A Latter-Day Herodotus: A Tribute to Christopher Merrill

Poet Tom Sleigh offers an encomium for Christopher Merrill, the winner of the 2025 Ottaway Award for the Promotion of International Literature.
A woman reads at a podium in front of a small audience of a few rows of chairs
Alane Salierno Mason reads Tom Sleigh's laudation of Christopher Merrill at the 2025 Ottaway Award Ceremony in New York City.

On June 3, 2025, Alane Salierno Mason delivered these remarks at the 2025 Ottaway Award Ceremony on behalf of Tom Sleigh, who was unable to attend.

It’s difficult to know how to praise a writer who has already been knighted by the French government; whose work has been translated into forty languages; who has published seven books of poems and six books of nonfiction; and has edited or translated some twenty or so additional volumes.
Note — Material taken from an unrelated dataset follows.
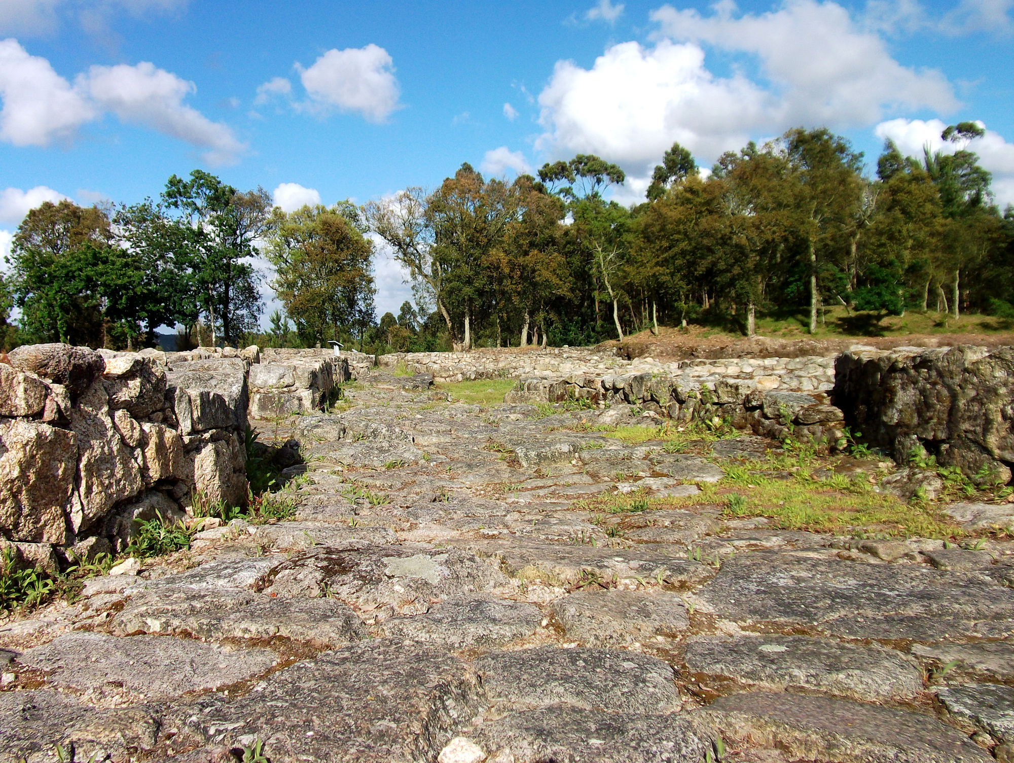 Central street, Cividade de Terroso

His list of awards from here and abroad are as long as both my arms: awards from the Academy of American Poets, the Ingram Merrill Foundation (no relation), the Slovenian Ministry of Culture, a finalist for the LA Times Book Prize, the Bosnia-Herzegovina Annual Literary Award, the Bosnian Stecak, the Kostas Kyriazis International Literary Prize, and so on and so forth.

On top of this, as a journalist he covered the war in the Balkans, where he was pinned down behind a tree by a sniper, among many other close calls; he served as a coach for a college soccer team, as well as being a star midfielder in college himself—and of course he’s written a book about soccer. He worked in a plant nursery, which forms part of his mordant, tough-minded, and elegiac memoir: its originality and selflessness defy the usual conventions of the form by putting other people and his relationships with them at the center of Self-Portrait with Dogwood.         

And when he’s not writing or being knighted or thinking about dogwood trees, he directs the International Writing Program at the University of Iowa. Each year he brings thirty or so well-known writers from all over the globe to reside for a semester at the university in order to write, meet each other, and engage in cultural exchange—which means hanging out and reading each other’s work and talking and joking and seeing each other not only as writers, but in Yeats’s phrase, “that bundle of accident and incoherence that sits down to breakfast.”

When, you might ask, does he sleep? And the answer would be on airplanes—because in addition to all this, he also shepherds American writers to cross-cultural exchanges in over fifty countries—which works out to more than a quarter of the countries in the entire world. I mention this to give you a clear sense of Merrill’s many talents. This may sound extreme, but there is no one in the world today who has done more than Chris to create what Seamus Heaney once said was Osip Mandelstam’s goal: to “make the steadfastness of speech articulation” a global spiritual endeavor that involves all humankind. In Merrill’s view, literature is its own independent category of consciousness, and it presents a counter-reality that is equal to, but also surpasses, the conditions that give rise to it.

Given the breadth of his passions and engagements, is it any wonder, then, that I met Merrill, who was already something of a legendary figure to me, not in the US but in Lebanon and Syria? And then I had the great good luck to travel with him in east Africa to Dadaab, the largest refugee camp in the world, and then to travel with him to Iraq—a country he’s visited many times: in fact, he was instrumental in aiding Iraqi writers to get Baghdad named in 2015 a UNESCO City of Literature. And when he’s not overseas, he’s here at home, helping to foster the literary arts by serving on the National Council on the Humanities, to which he was appointed by President Obama.  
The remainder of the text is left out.